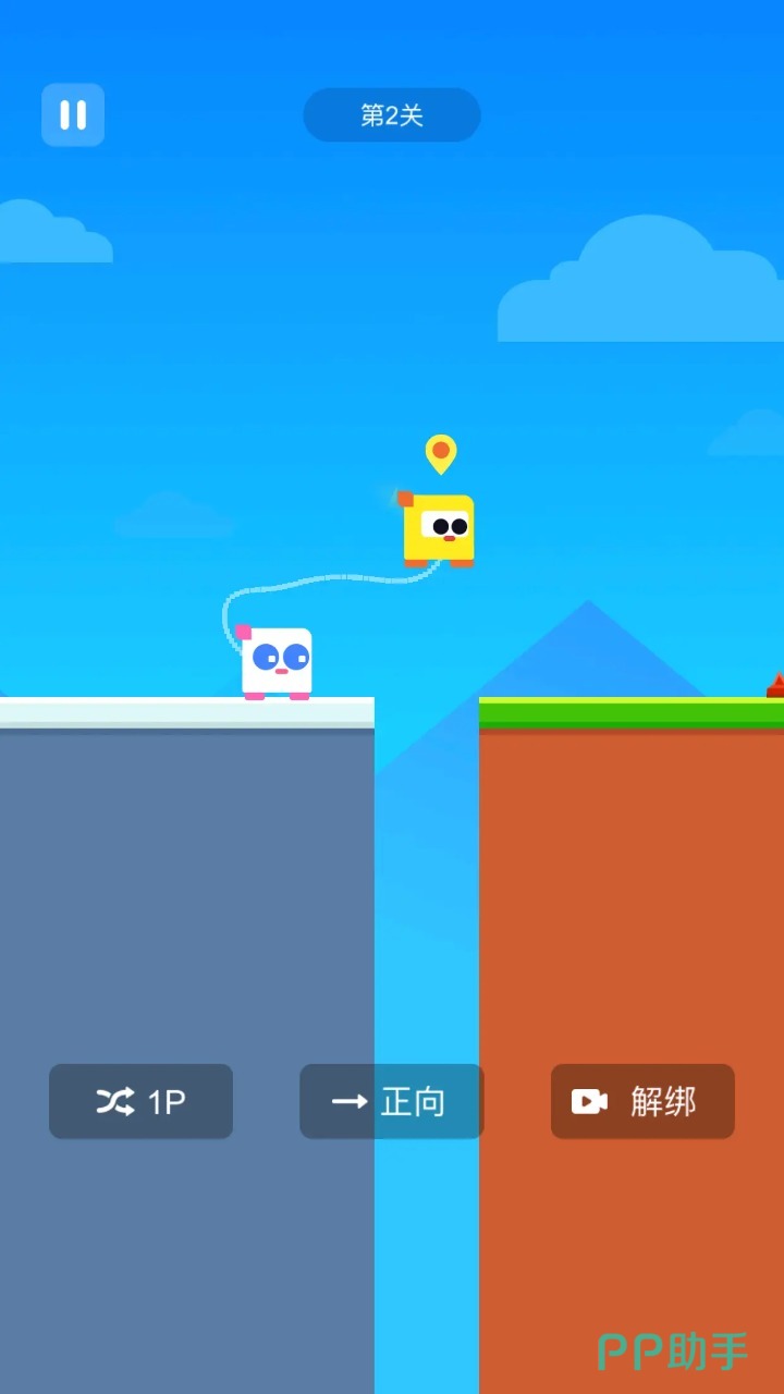 游戏以“绳索绑定”为核心交互设定,两名方块人角色命运相连,所有移动、跳跃、悬停操作必须严格同步。关卡地形经精密数学建模,结合蝙蝠群袭、尖刺陷阱等动态障碍与静态机关,形成节奏紧凑、容错率低的合作挑战体系。
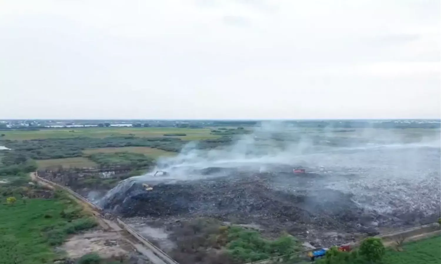 Fire at the Vellaikkal garbage dump yard near Avaniapuram on the outskirts of Madurai for the past week.
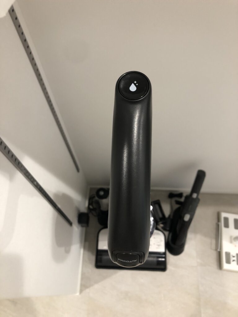 充電台に掃除機を戻し、持ち手の水滴のイラストが描いてあるボタンを押します。すると、自分で残りの洗浄液を使ってブラシローラー等をきれいにしてくれます✨
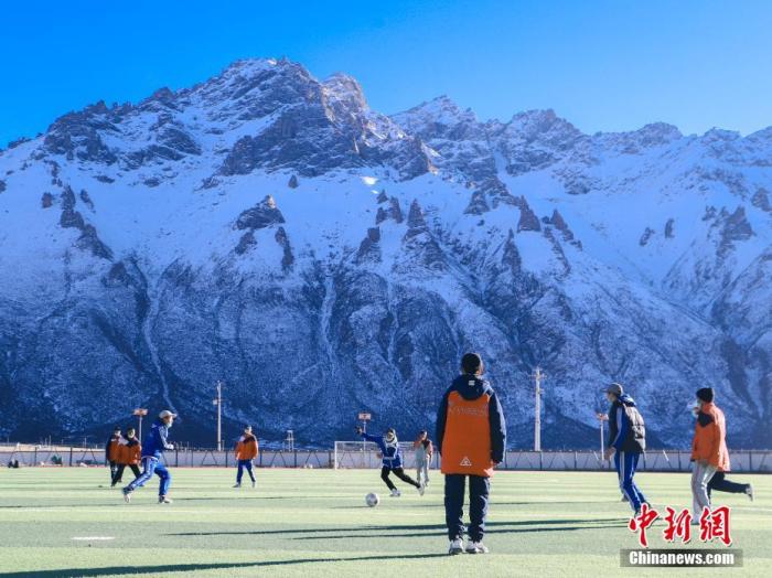圖為11月25日,西藏那曲市嘉黎縣中學(xué)學(xué)生們?cè)凇把┥较碌膲?mèng)幻足球場(chǎng)”上進(jìn)行足球訓(xùn)練。 中新社記者 貢嘎來(lái)松 攝

◆ ◆ ◆ ◆ ◆ ◆ ◆

**Brief**
Write out the whole listing above exactly, minus images.

**Response to this task**
 游戏以“绳索绑定”为核心交互设定,两名方块人角色命运相连,所有移动、跳跃、悬停操作必须严格同步。关卡地形经精密数学建模,结合蝙蝠群袭、尖刺陷阱等动态障碍与静态机关,形成节奏紧凑、容错率低的合作挑战体系。
 Fire at the Vellaikkal garbage dump yard near Avaniapuram on the outskirts of Madurai for the past week.
 充電台に掃除機を戻し、持ち手の水滴のイラストが描いてあるボタンを押します。すると、自分で残りの洗浄液を使ってブラシローラー等をきれいにしてくれます✨
圖為11月25日,西藏那曲市嘉黎縣中學(xué)學(xué)生們?cè)凇把┥较碌膲?mèng)幻足球場(chǎng)”上進(jìn)行足球訓(xùn)練。 中新社記者 貢嘎來(lái)松 攝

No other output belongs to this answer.